» **EXERCISE**
Using the data below, transcribe exactly everything from the line that contains "Cutting groove of" down to the line that contains "Представители AMD поделились". Include both of those lines and none of the pictures.

(PROVIDED DATA Opens)

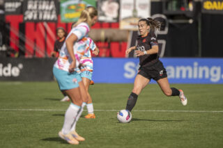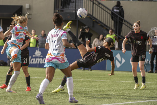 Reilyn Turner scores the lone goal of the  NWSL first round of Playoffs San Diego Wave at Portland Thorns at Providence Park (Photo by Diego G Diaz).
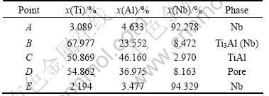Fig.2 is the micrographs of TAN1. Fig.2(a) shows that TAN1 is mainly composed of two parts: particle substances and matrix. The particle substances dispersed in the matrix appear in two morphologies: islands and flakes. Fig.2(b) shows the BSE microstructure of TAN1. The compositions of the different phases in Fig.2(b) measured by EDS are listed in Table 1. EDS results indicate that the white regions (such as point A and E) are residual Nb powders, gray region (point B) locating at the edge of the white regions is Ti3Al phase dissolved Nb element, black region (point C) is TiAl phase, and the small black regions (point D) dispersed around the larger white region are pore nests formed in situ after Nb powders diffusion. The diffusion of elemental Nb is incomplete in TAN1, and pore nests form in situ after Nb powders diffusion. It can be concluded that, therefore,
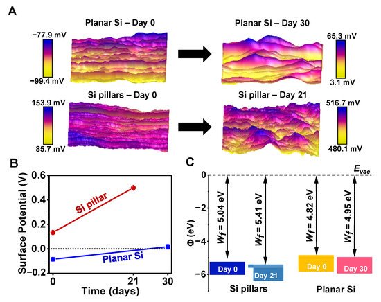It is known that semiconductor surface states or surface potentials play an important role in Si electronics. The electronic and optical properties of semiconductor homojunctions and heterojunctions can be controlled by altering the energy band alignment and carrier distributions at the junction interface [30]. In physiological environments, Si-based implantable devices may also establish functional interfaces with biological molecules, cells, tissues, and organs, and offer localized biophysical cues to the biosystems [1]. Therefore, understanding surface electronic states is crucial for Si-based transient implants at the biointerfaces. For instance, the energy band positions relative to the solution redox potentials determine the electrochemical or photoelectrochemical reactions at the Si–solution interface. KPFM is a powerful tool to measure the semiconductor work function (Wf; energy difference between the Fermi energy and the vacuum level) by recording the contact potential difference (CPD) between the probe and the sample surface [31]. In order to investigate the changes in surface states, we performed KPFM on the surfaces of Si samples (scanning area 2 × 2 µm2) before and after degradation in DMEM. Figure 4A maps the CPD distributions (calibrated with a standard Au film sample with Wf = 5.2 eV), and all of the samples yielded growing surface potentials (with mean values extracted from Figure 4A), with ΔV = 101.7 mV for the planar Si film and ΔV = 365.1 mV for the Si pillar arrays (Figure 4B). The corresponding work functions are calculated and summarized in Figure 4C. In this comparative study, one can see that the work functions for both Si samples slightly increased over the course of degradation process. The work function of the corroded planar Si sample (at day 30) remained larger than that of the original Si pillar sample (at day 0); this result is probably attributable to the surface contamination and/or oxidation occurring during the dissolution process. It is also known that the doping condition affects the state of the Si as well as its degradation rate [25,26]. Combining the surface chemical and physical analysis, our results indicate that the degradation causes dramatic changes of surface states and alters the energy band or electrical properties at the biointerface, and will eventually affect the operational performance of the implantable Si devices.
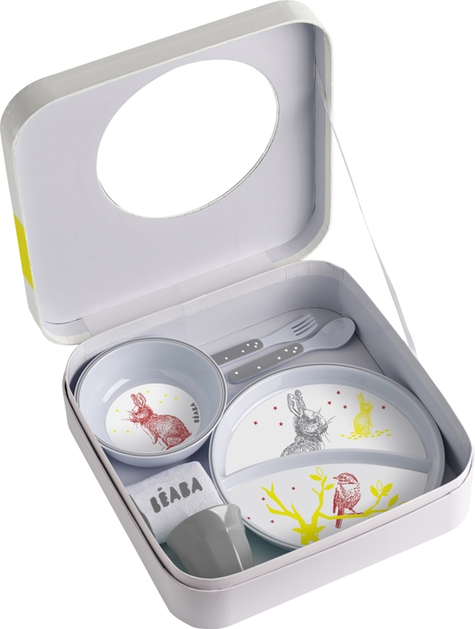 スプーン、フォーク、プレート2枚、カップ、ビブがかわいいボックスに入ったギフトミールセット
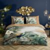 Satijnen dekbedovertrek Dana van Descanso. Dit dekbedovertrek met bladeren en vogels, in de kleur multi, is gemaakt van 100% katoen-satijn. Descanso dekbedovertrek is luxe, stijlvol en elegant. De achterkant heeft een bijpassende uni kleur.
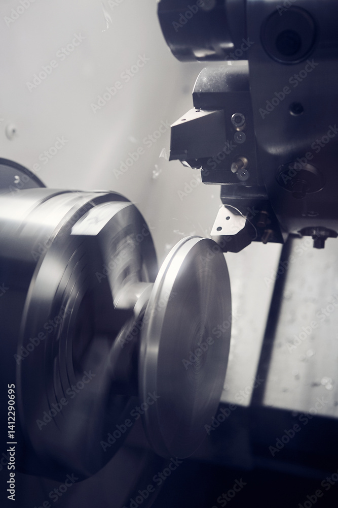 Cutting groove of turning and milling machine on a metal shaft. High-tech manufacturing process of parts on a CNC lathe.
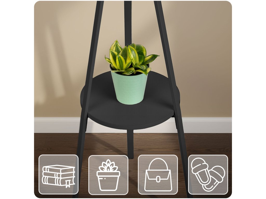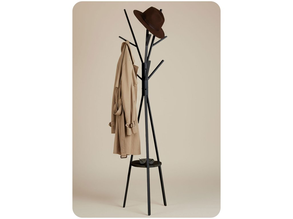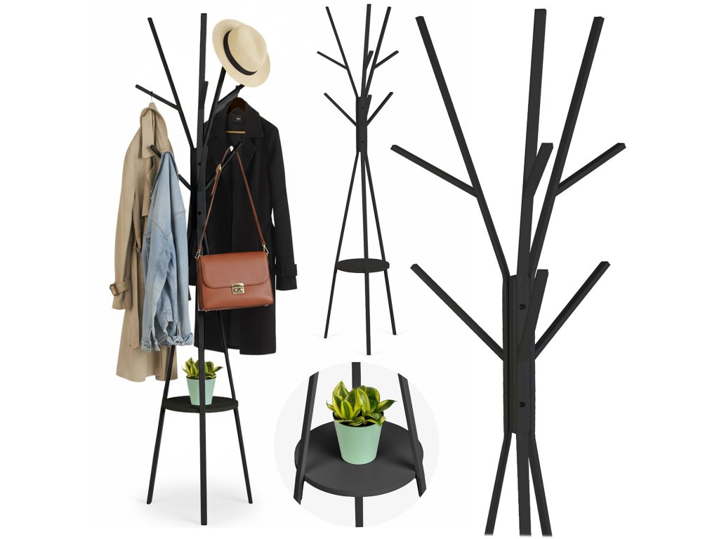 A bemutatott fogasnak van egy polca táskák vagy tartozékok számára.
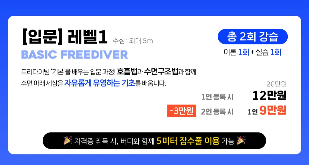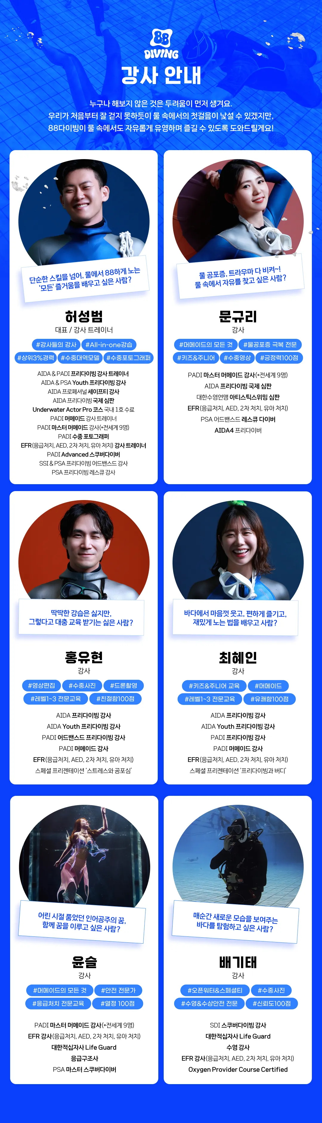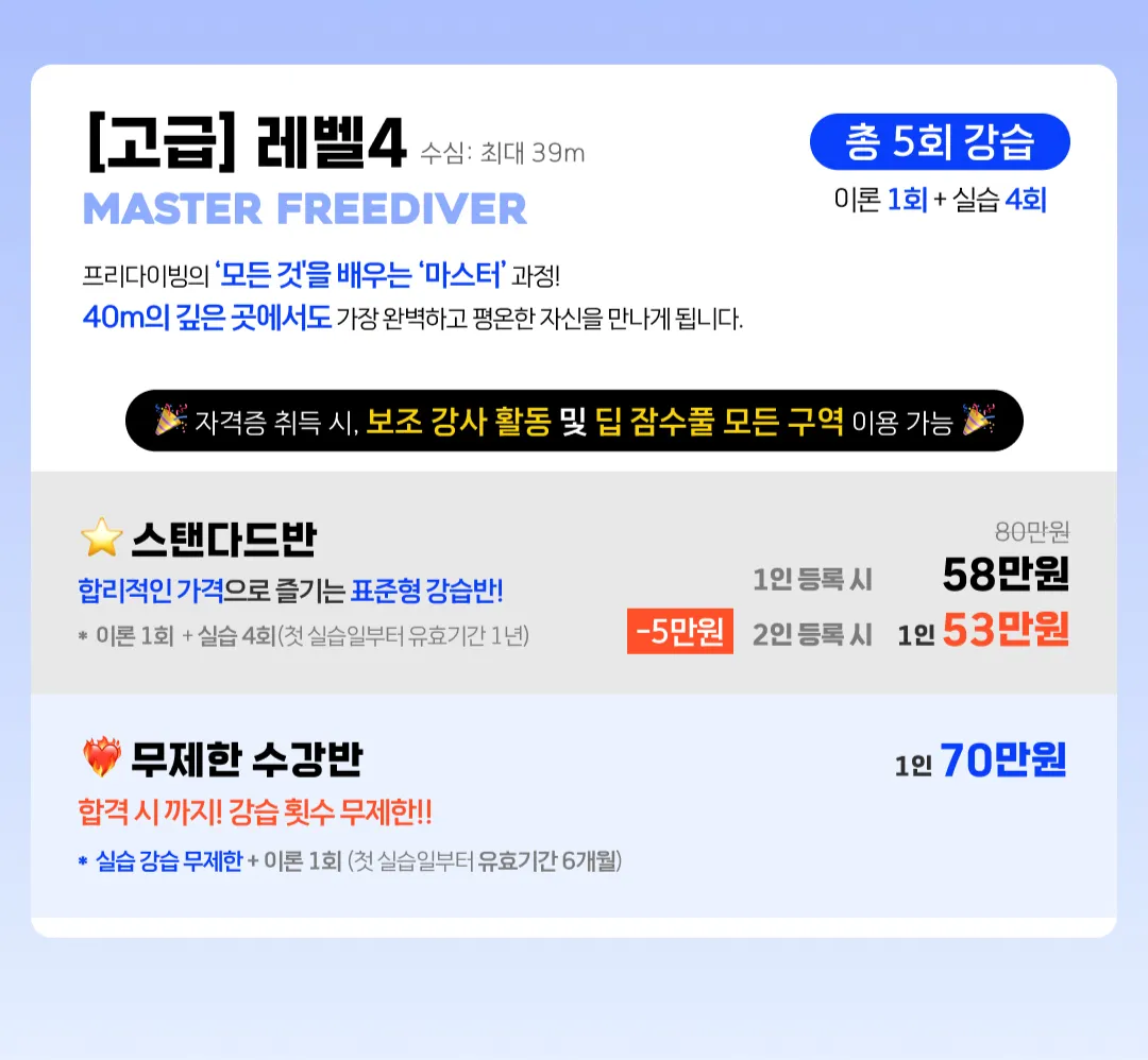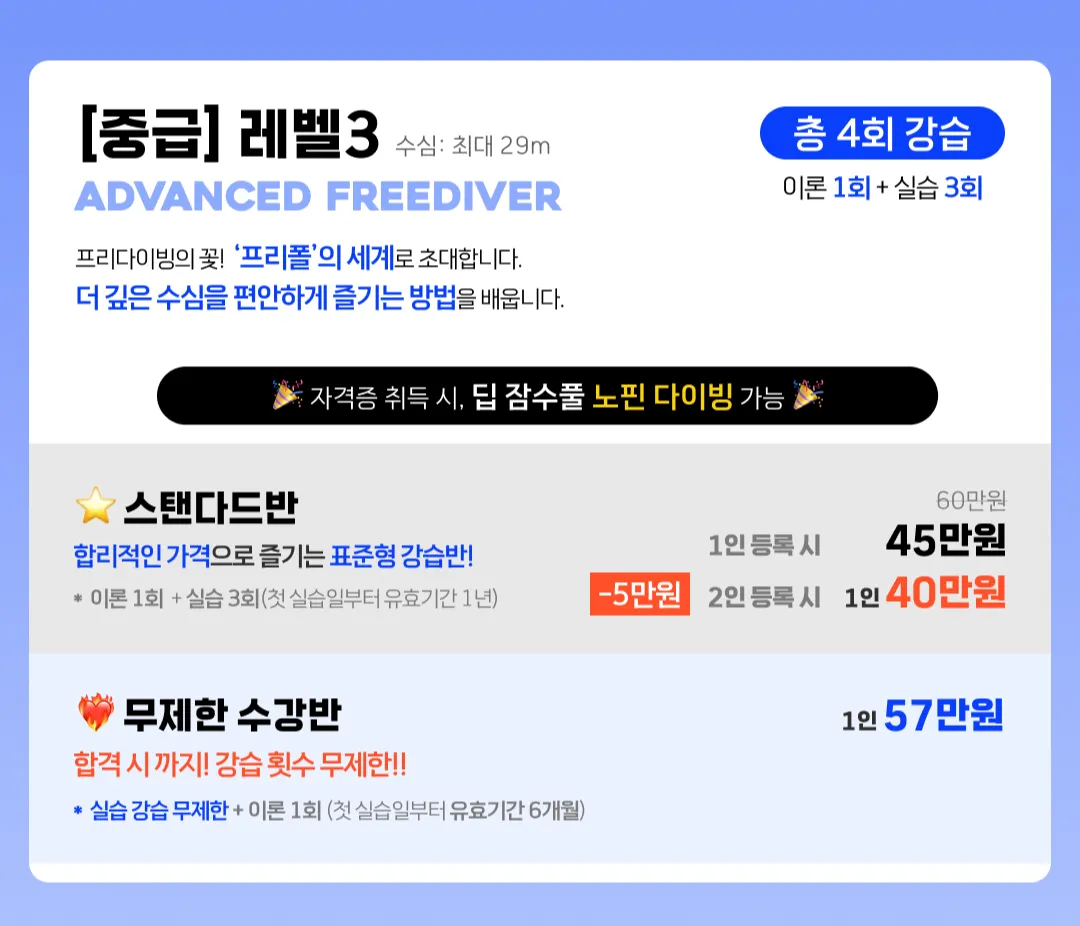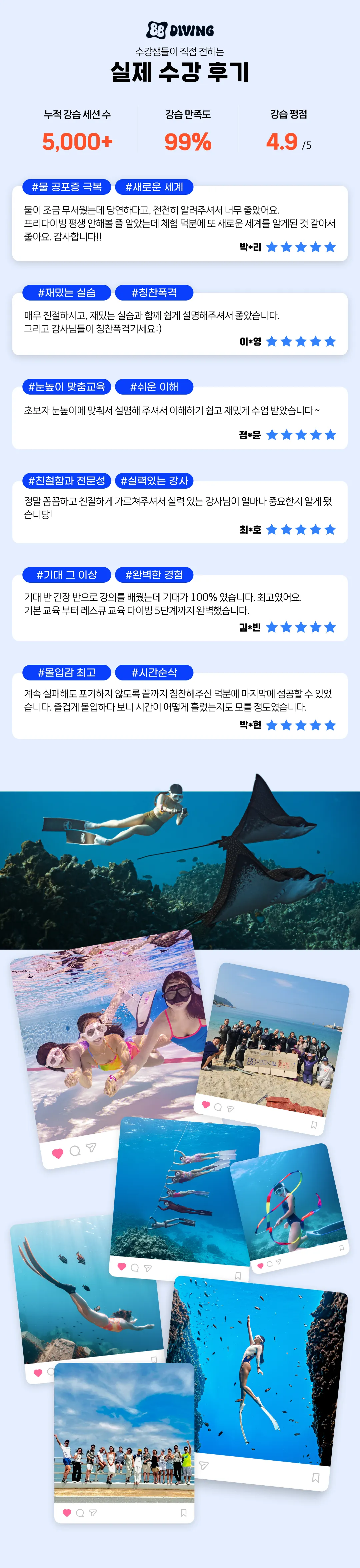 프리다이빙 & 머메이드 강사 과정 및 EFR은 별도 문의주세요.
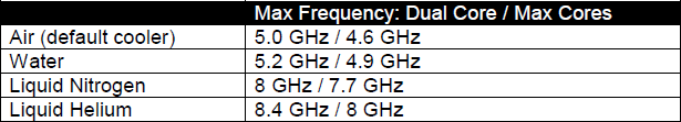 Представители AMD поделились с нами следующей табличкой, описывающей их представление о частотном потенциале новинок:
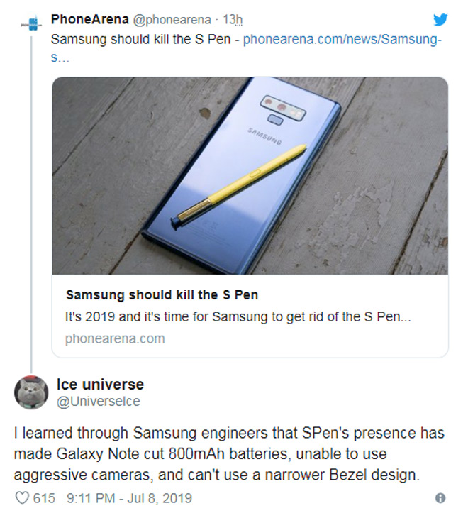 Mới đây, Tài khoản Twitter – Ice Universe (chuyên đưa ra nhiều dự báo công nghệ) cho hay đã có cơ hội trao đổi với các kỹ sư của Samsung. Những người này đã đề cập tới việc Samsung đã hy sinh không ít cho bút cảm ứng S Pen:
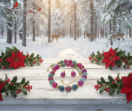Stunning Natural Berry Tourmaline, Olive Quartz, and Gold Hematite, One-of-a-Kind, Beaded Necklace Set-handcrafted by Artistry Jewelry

(PROVIDED DATA Closes)

» **SOLUTION FOR THIS PROBLEM**
 Cutting groove of turning and milling machine on a metal shaft. High-tech manufacturing process of parts on a CNC lathe.
 A bemutatott fogasnak van egy polca táskák vagy tartozékok számára.
 프리다이빙 & 머메이드 강사 과정 및 EFR은 별도 문의주세요.
 Представители AMD поделились с нами следующей табличкой, описывающей их представление о частотном потенциале новинок:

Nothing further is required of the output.